Modern science began with a turn away from medieval debates about metaphysics to focus on how things happen, rather than a metaphysically-adequate why. This was an indifference to metaphysics, not a deliberate ignorance or repudiation of the subject.

But that began to change in the 19th century with the influence of materialism, secularism, and the professionalization of the sciences, culminating in TH Huxley’s effort to make the sciences “agnostic”. Huxley promoted science against other forms of knowledge, not in addition to them.

Agnosticism is of the essence of science, whether ancient or modern. It simply means that a man shall not say he knows or believes that which he has no scientific grounds for professing to know or believe. TH Huxley

His intention behind agnosticism was to establish and maintain epistemic merit of science without any unknowable, metaphysical or theological, apparatus. Science is the practice of agnosticism, and for this reason, our best way to knowledge. J. Byun

This is a form of scientism, an assertion that science is the pre-eminent or even the only legitimate source of knowledge. The irony is that scientism implicitly makes a metaphysical claim about the reality that can be known, which is the metaphysics of naturalism.

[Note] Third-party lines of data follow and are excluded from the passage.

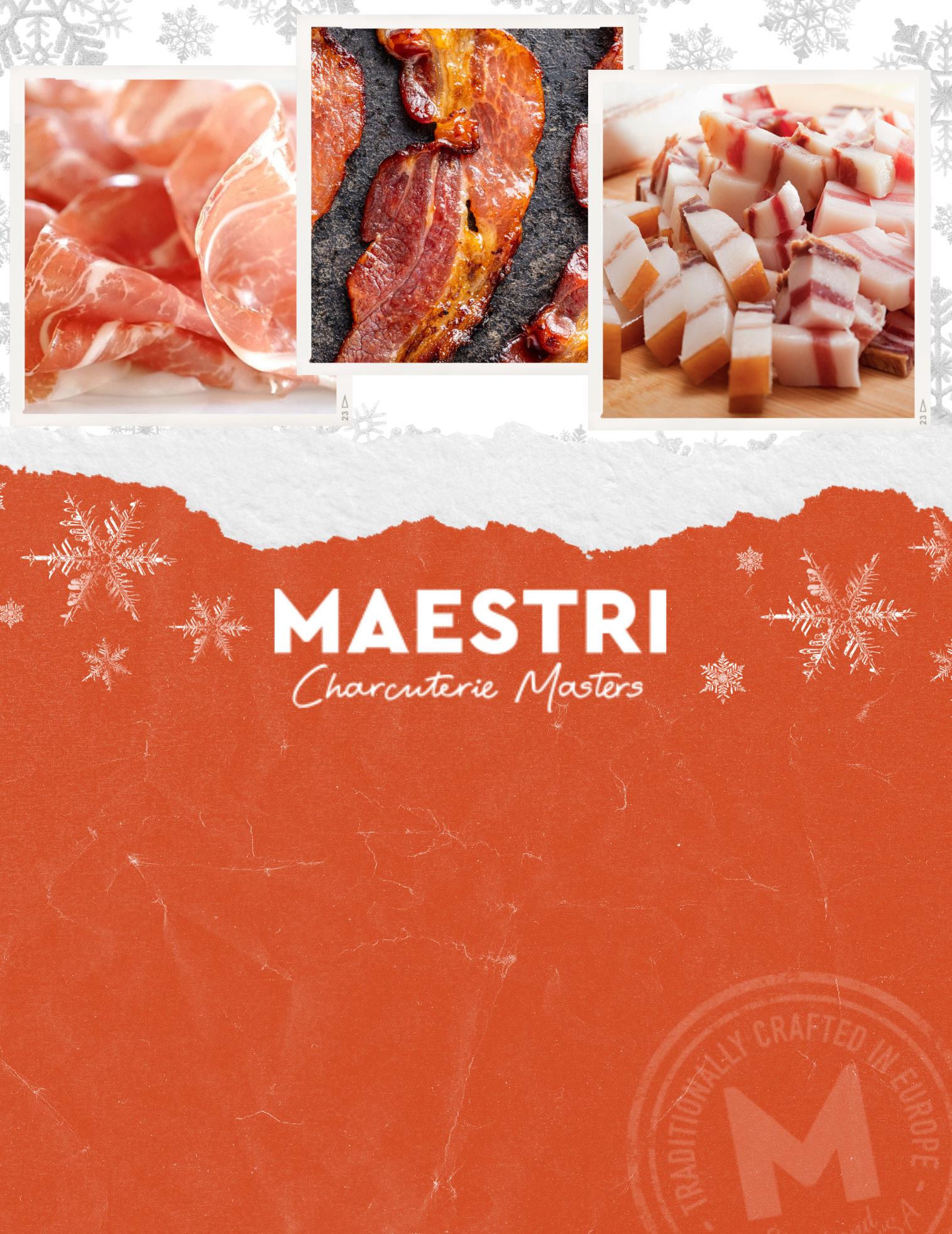 Bacon Italiano Maestri is obtained by selecting fresh cuts of lean bacon. The process involves salting and adding an original mixture of spices and, the result is a tasty cured meat with delicate smoky notes that can be consumed both raw and cooked.
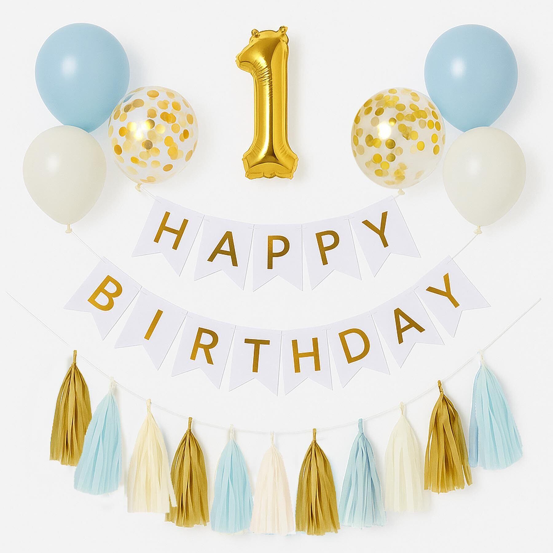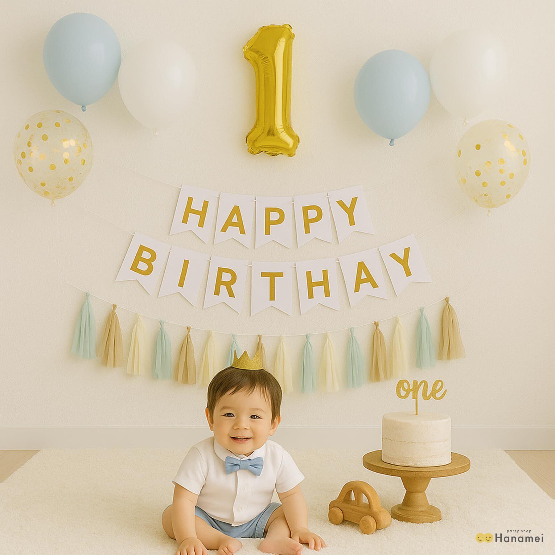 Hanamei 誕生日 飾り付け 装飾 バースデー デコレーション セット no.2 ファーストバースデー1歳 男の子 女の子 pa015 (1歳, ブルー)
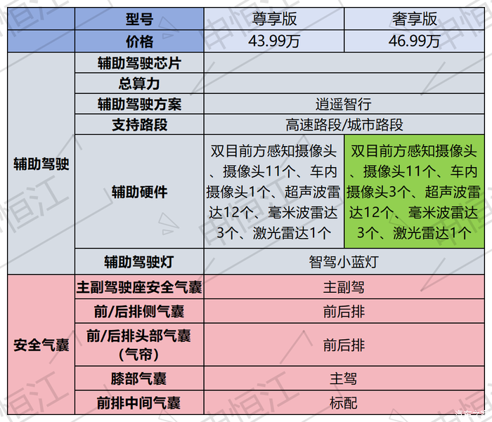 1,智驾方案是和momenta公司进行合作的,支持高速路段和城市路段,硬件配置方面也是一个主流配置,高配和低配只是在车内摄像头方面有区别,高配是三个车内摄像头、低配只有一个,都有激光雷达和小蓝灯。

“Methodological naturalism” is the contemporary term but it amounts to the same thing: science must ignore or repudiate the possibility of other knowledge. Instead, the science community and its promoters should be indifferent to metaphysics so that regardless of whatever metaphysics people accept, they should also accept the claims of science.

Wonder vs. skepticism

It is often asked why the angel Gabriel treated Zechariah and Mary differently since their reaction was similar (Luke chapter 1). Note the parallel passages:

1:11-12 And there appeared to [Zechariah] an angel of the Lord standing on the right side of the altar of incense. And Zechariah was troubled when he saw him, and fear fell upon him.

1:28-29 And [Gabriel] came to [Mary] and said, “Greetings, O favored one, the Lord is with you!” But she was greatly troubled at the saying, and tried to discern what sort of greeting this might be.

Gabriel responded similarly at first:

1:13 But the angel said to him, “Do not be afraid, Zechariah, for your prayer has been heard, and your wife Elizabeth will bear you a son, and you shall call his name John.”

1:30-31 And the angel said to her, “Do not be afraid, Mary, for you have found favor with God. And behold, you will conceive in your womb and bear a son, and you shall call his name Jesus.”

Their responses were seemingly alike:

1:18 And Zechariah said to the angel, “How shall I know this? For I am an old man, and my wife is advanced in years.”

1:34 And Mary said to the angel, “How will this be, since I am a virgin?”

But Gabriel’s reaction was different:

1:19-20 And the angel answered him, “I am Gabriel. I stand in the presence of God, and I was sent to speak to you and to bring you this good news. And behold, you will be silent and unable to speak until the day that these things take place, because you did not believe my words, which will be fulfilled in their time.”

1:35 And the angel answered her, “The Holy Spirit will come upon you, and the power of the Most High will overshadow you; therefore the child to be born will be called holy—the Son of God.”

So he answered Mary’s question but rebuked Zechariah’s skepticism.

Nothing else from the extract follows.